• [What you should do] Skip the pictures and repeat each line of the data exactly.

• [Recorded data]
- - - - -

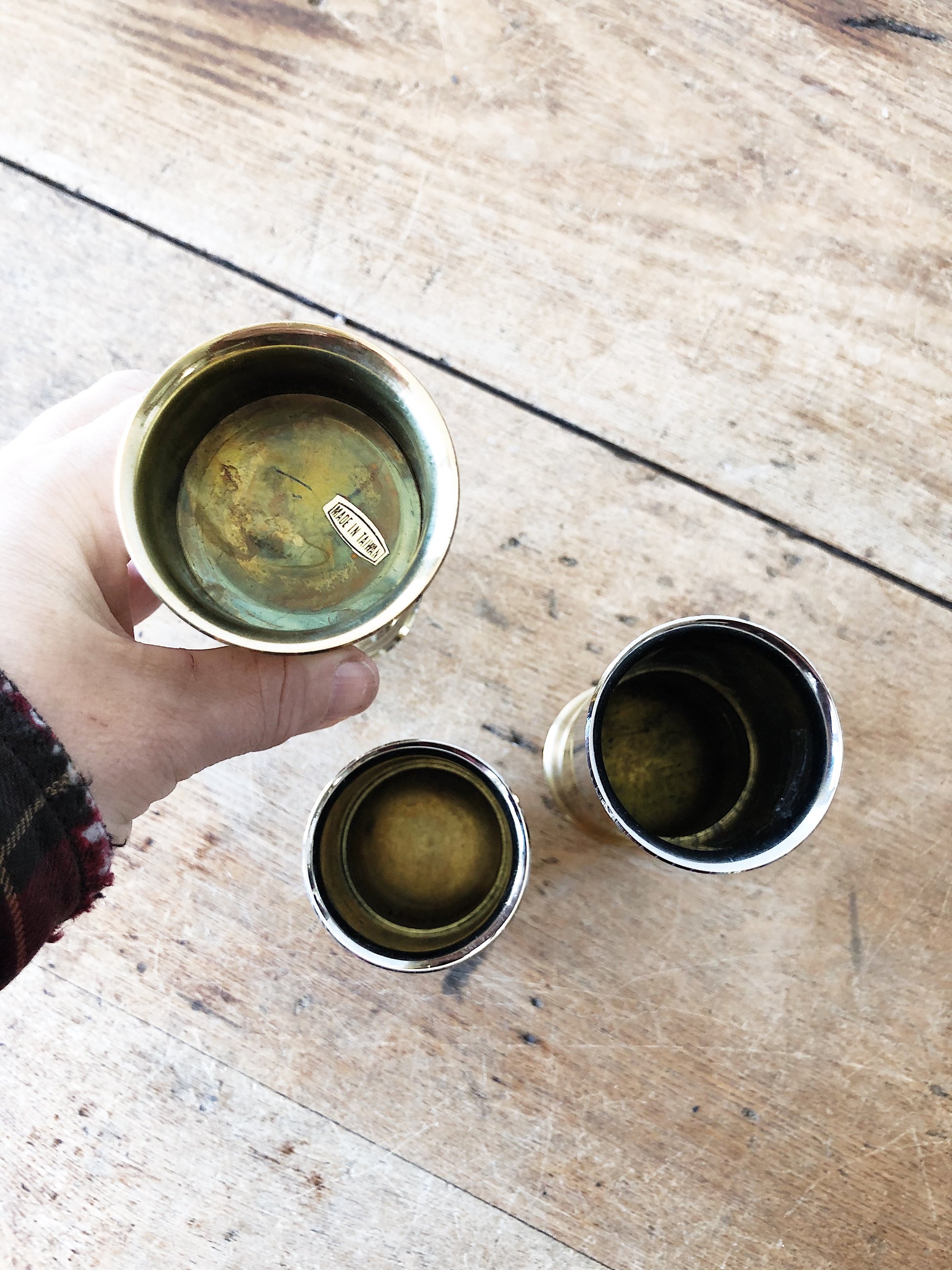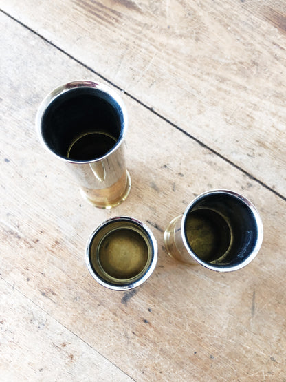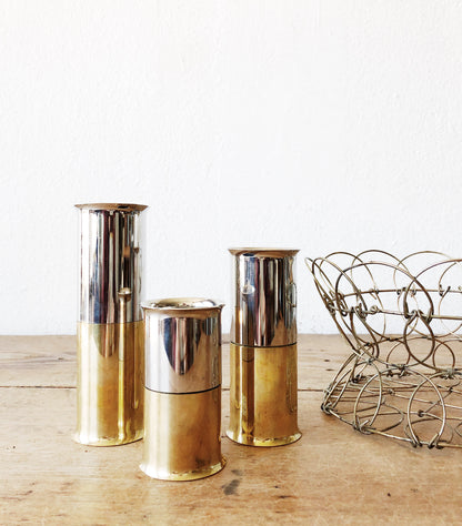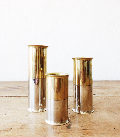 Brass and silver plated candle holder set. Flipped on one side it holds a thicker style taper, on the other a standard tea light. In wonderful condition and very glam
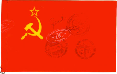 ZFC3152Â This national flag of the Union of Soviet Socialist Republics was carried aboard the Salyut 6, a Soviet orbital space station, launched on September 29, 1977. Although it was after the successful American lunar landing, the USSR continued the Space Race from orbiting space stations. This flag bears the mission stamps of the Salyut Program. Read more
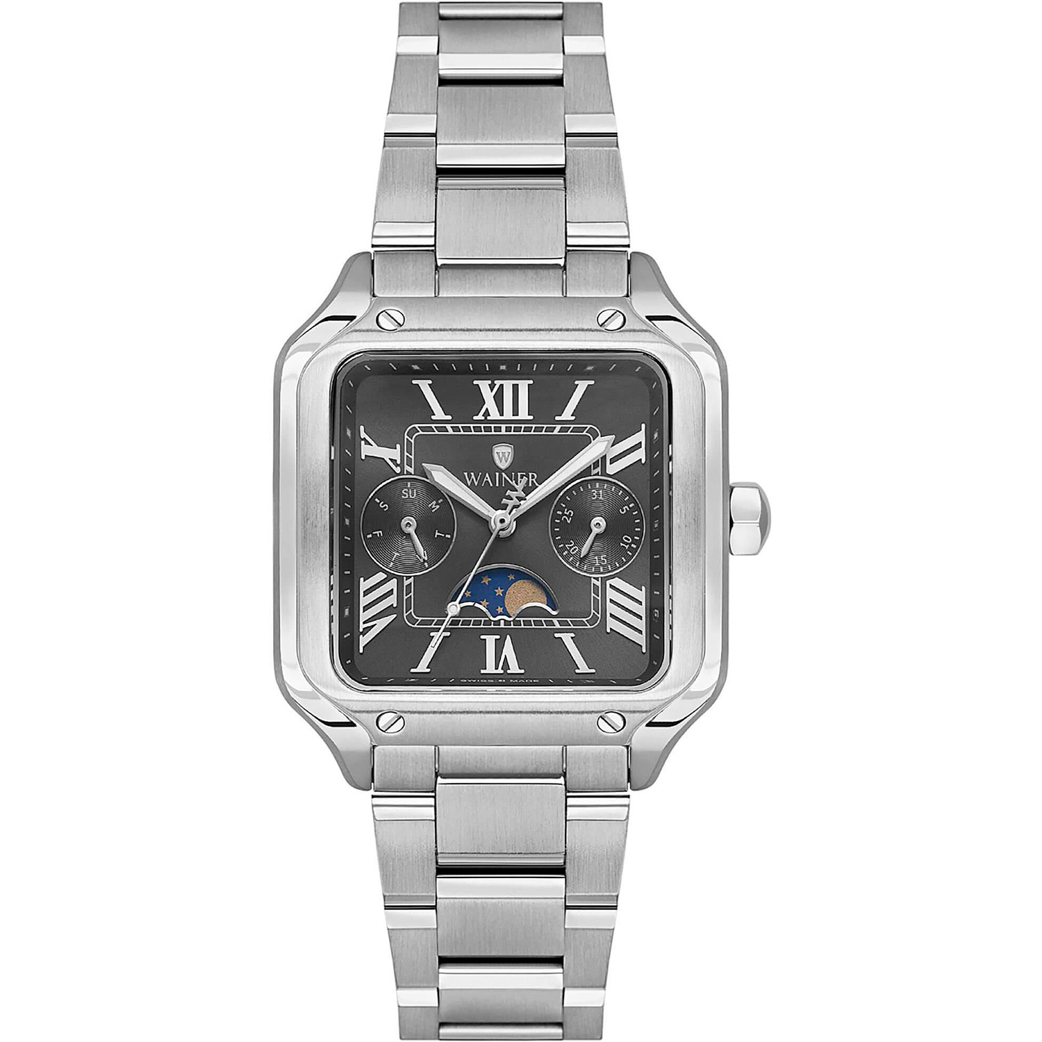 Женские кварцевые часы. Калибр механизма Ronda 706.1. Центральные часовая, минутная и секундная стрелки. Отображение даты и дня недели в малых циферблатах. Фазы Луны. Черный циферблат. Римская индикация времени. Квадратный корпус выполнен из нержавеющей стали. Размер корпуса составляет 32 х 32 мм, толщина 10 мм. Стальной браслет, раскладывающаяся застежка. Устойчивое к возникновению царапин сапфировое стекло. Водостойкость WR 30 (брызги).
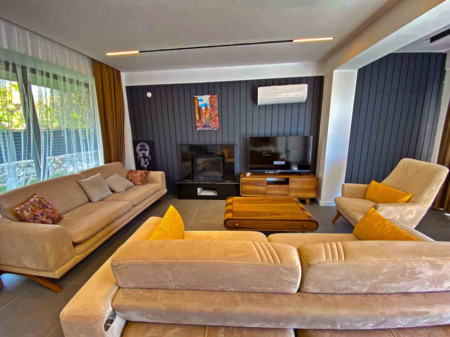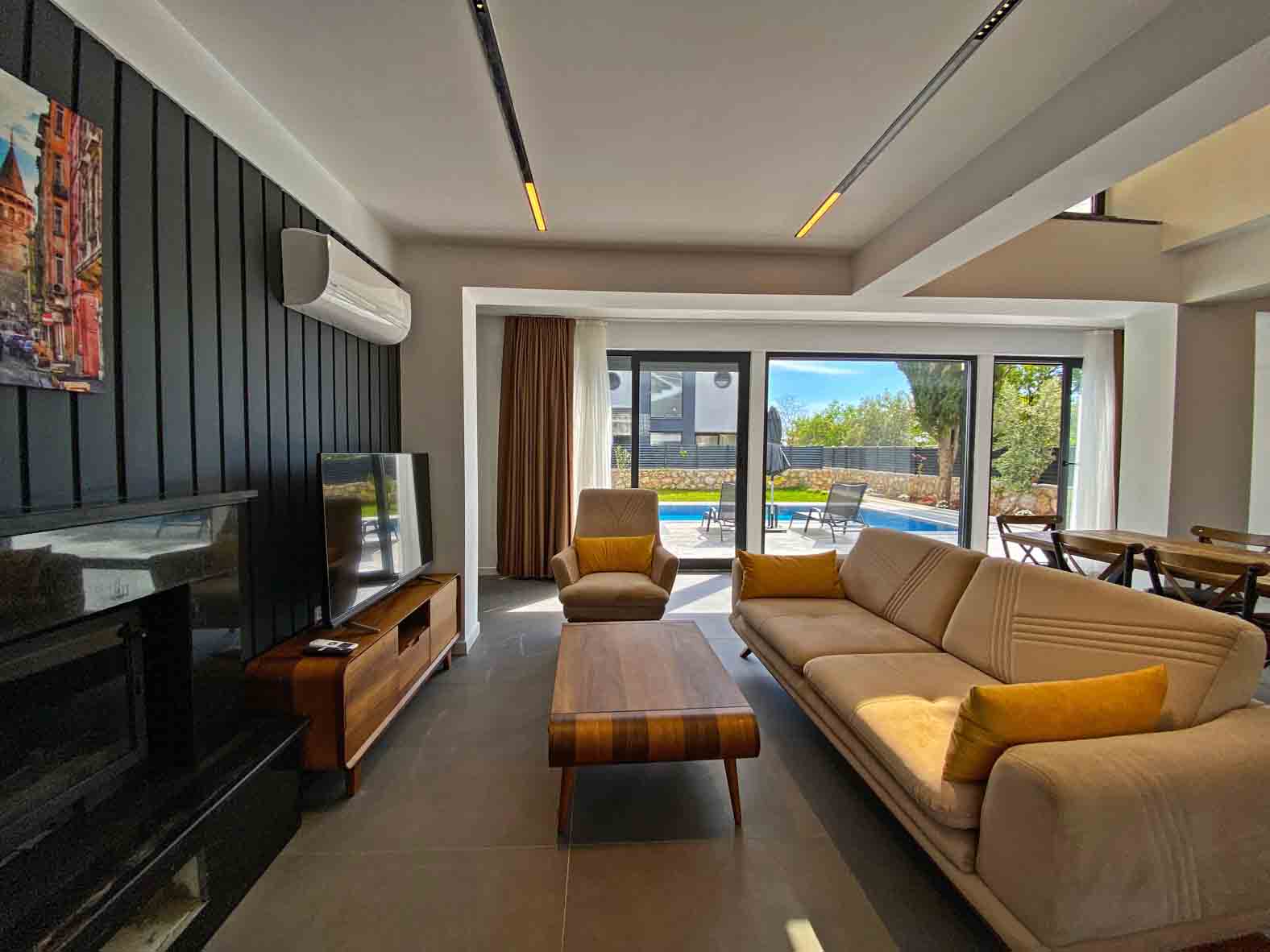 Detayları: Oturma grubu,LCD TV, Klima, 6 kişilik yemek masası, Şömine,havuz terasına geçiş ve WC/Lavabo bulunmaktadır

- - - - -

• [Exercise solution]
 Brass and silver plated candle holder set. Flipped on one side it holds a thicker style taper, on the other a standard tea light. In wonderful condition and very glam
 ZFC3152Â This national flag of the Union of Soviet Socialist Republics was carried aboard the Salyut 6, a Soviet orbital space station, launched on September 29, 1977. Although it was after the successful American lunar landing, the USSR continued the Space Race from orbiting space stations. This flag bears the mission stamps of the Salyut Program. Read more
 Женские кварцевые часы. Калибр механизма Ronda 706.1. Центральные часовая, минутная и секундная стрелки. Отображение даты и дня недели в малых циферблатах. Фазы Луны. Черный циферблат. Римская индикация времени. Квадратный корпус выполнен из нержавеющей стали. Размер корпуса составляет 32 х 32 мм, толщина 10 мм. Стальной браслет, раскладывающаяся застежка. Устойчивое к возникновению царапин сапфировое стекло. Водостойкость WR 30 (брызги).
 Detayları: Oturma grubu,LCD TV, Klima, 6 kişilik yemek masası, Şömine,havuz terasına geçiş ve WC/Lavabo bulunmaktadır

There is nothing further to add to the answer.